Il preside ci invitò a prendere esempio, a sentirci capaci di esprimere i nostri sentimenti, ad aprire le nostre anime e ciò mi portò ad appassionarmi ai temi. Fu un lungo lavoro di introspezione che culminò alle scuole superiori in cui seppi trovare il modo di esprimere al meglio i miei pensieri, dando fondo alla mia fantasia e creatività. Mi piaceva trovare nuovi modi di sviluppare le tracce date dal prof, mi piaceva uscire dalla consuetudine, acquisii così il sapere di trasformare un semplice tema di attualità in un vero e proprio racconto che ogni volta le mie compagne mi chiedevano di condividere, per cui tenevo la brutta copia da leggere insieme.
Non ricordo chi me lo insegnò, ma imparai due cose fondamentali per fare un buon tema:
– tenere a mente 5 punti a cui rispondere: chi, dove, quando, come e perchè. Una volta risposto a questi 5 punti il tema era completo.
– per ottenere un’ortografia quasi impeccabile: rileggere a ritroso il tema partendo dall’ultima parola. Questo mi permetteva di visionare parola per parola e la mia attenzione non era distratta dal fluire della frase. In effetti ben poco sfuggiva con questo metodo, anche se era un po’ faticoso perchè ero solita riempire quattro pagine del foglio a protocollo con una scrittura piccola e fitta.
A proposito della mia scrittura, alle scuole superiori successe un fatto: la prof alla correzione di un mio tema, non trovando niente da segnalare, mi abbassò il voto per la scrittura troppo piccola. Il voto per me ha sempre avuto un’importanza relativa, ma non sono mai riuscita a tollerare le ingiustizie sia che riguardassero me, sia che riguardassero gli altri.
Ammettendo che sì, la mia scrittura era piccola, ma ho sempre avuto l’accortezza e l’educazione di renderla comprensibile per chi legge, perchè penso che infondo la scrittura illeggibile giochi contro perchè impedendo il fluire del discorso riduce inevitabilmente l’interpretazione del testo.

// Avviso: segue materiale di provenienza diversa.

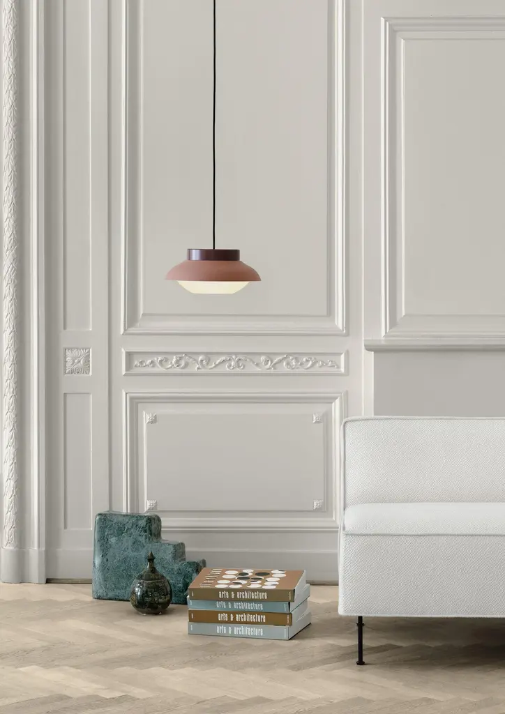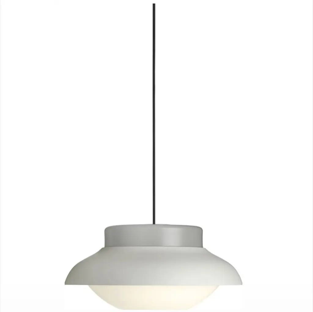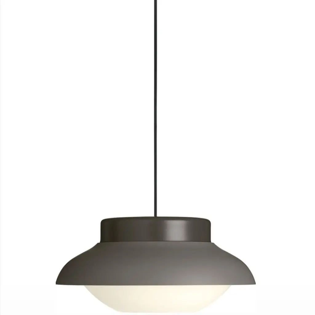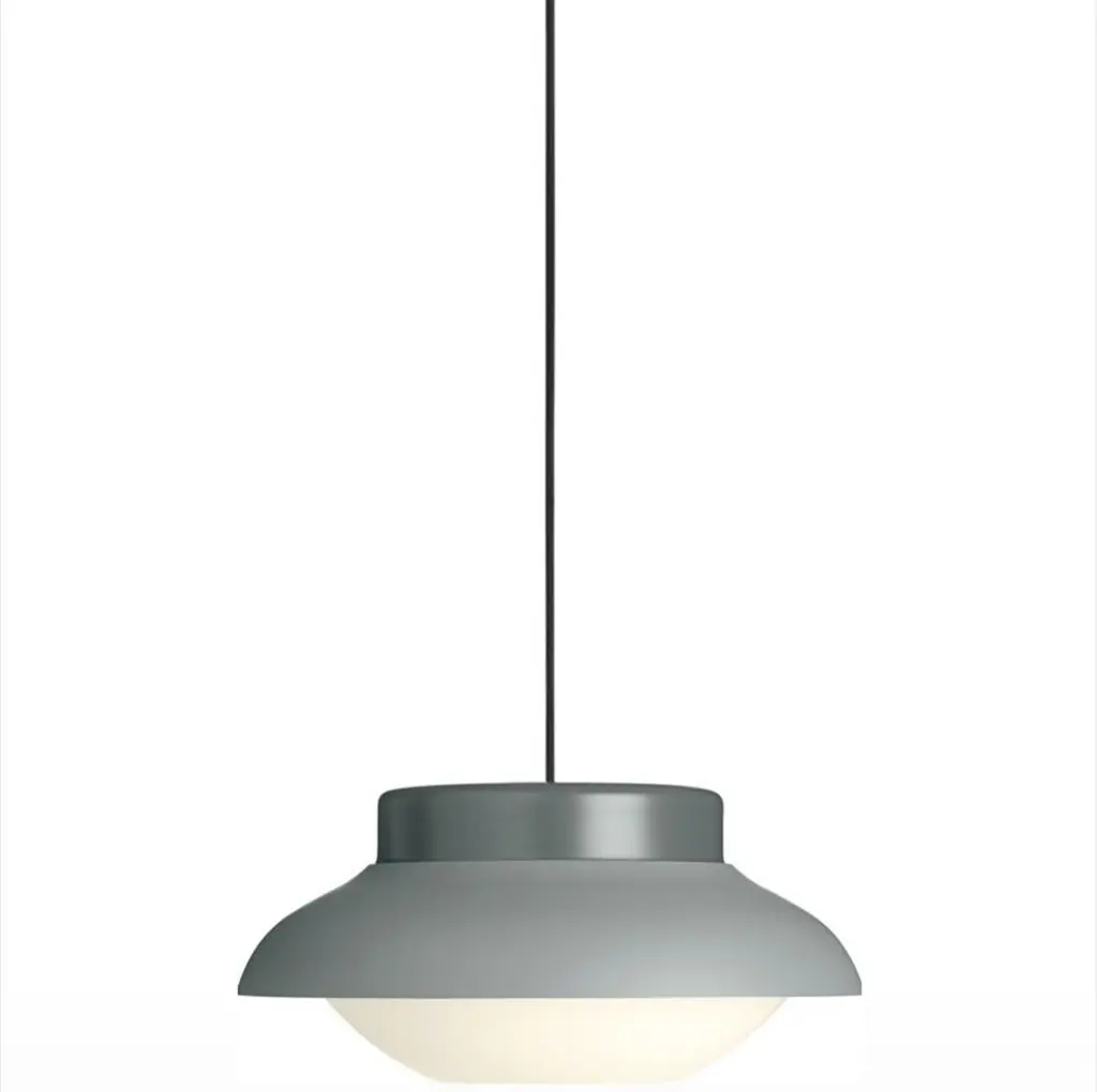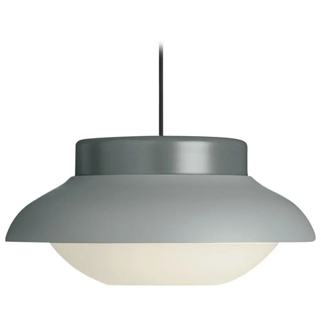 Small Sebastian Herkner collar pendant in stone grey for Gubi. Created by German designer Sebastian Herkner, the collar pendant is executed in steel, mouth-blown glass, and powder-coated aluminum. Each pendant is crafted using traditional techniques which gives every lamp its unique and iconic look. Its strong character is achieved by the combination of the soft rounded glass, with a matte surface, and a steel "collar", used as a reflector, that together perfectly diffuses a warm light that sets just the right lighting atmosphere.The lamp looks great as a single feature alone over a table, but by mixing colors and large and small Collar Pendants, it gives possibilities for personalized and playful installations.Price is per item. Also available in a larger size and in a variety of colors: Taupe soft matt, terracotta light matt, soft fog matt, carbone semi matt.In-stock lead-time 2-3 weeks. Out of stock lead time can take several weeks more. Availability can change at any time. Made to order. All sales are final. Bulb requirements: Socket: E26 base; Bulb type: G16.5. Recommended wattage: 40 W - Max wattage: 40 W.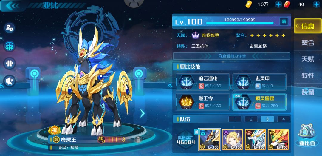 看了这么多实测我还想问你们,这个你们还要去喷吗?不被暗改就偷笑了!他很明显,定位就是一只降属的肉坦!而刚好这种类型的亚比是少之又少的,当我们面对pve的时候,兔子就只能给一个,所以我们打起来非常吃力,但是奇灵王出现了,他帮我们很好的解决了这个问题,兔子针对一个后,交给奇灵王,他能帮我们的主力抗伤害,帮我们降属帮我们降双抗,让我们的主力能有更多的空间输出!就好比我们的英雄联盟和王者荣耀,在一个五人队里,有一只能抗能打的辅助坦克是很有必要的,全队都是输出顶不过人家一个控!奇灵王,会玩的都认为他强得不可理喻,而那些不会使用的,或者是根本就没练好就去单纯的测试伤害的,更是所谓的无脑喷!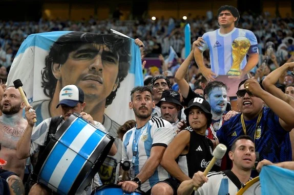 Argentina supporters play drums as they hold a country flag bearing a drawing of Diego Maradona ahead of the Qatar 2022 World Cup Group C football match between Argentina and Mexico at the Lusail Stadium in Lusail, north of Doha on November 26, 2022. (Photo by JUAN MABROMATA / AFP)
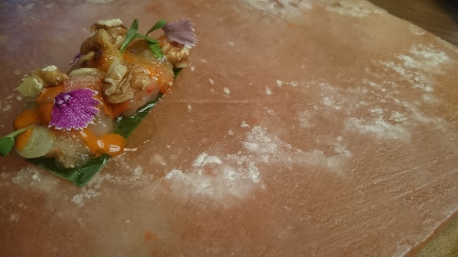 - Ceviche de carabineros y nueces en roca de sal sobre hoja de plátano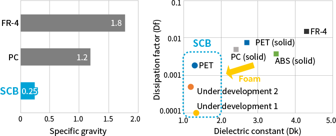 Smart Cellular Board (hereinafter “SCB”) is a cellular foamed, board type low dielectric material. Using our original foaming technology, it is possible to foam highly heat resistant plastics such as engineering plastic and super engineering plastic and obtain even lower dielectric properties than are achievable with typical low dielectric plastics.

Fu decisamente una questione di principio la mia, dovevo fare qualcosa e lo feci alla mia maniera. La prof non era a conoscenza della mia capacità di saper essere prolissa… al bisogno… ero capace di riempire anche otto facciate e più di fogli a protocollo, bastava mi soffermassi ad arricchire di arzigogoli periodo per periodo.
Mi attrezzai di una nuova, fiammante penna Bic con punta extra-extrafine e al tema successivo mi “limitai” a riempire sei facciate scritte talmente in miniatura che mi sa che la sua lettura un’oretta gliel’ha portata via alla prof! ahahah
L’episodio comunque finì lì senza repliche e nei temi successivi mi impegnai a scrivere un po’ più grande.
Per concludere il discorso, gli anni delle superiori furono i migliori, un po’ per la maturità acquisita, un po’ perchè l’indirizzo rispecchiava meglio la mia personalità, un po’ perchè uscivo dal paese di origine e mi si ampliavano ulteriormente gli orizzonti, mi aiutarono molto a ben definire quella che volevo diventare.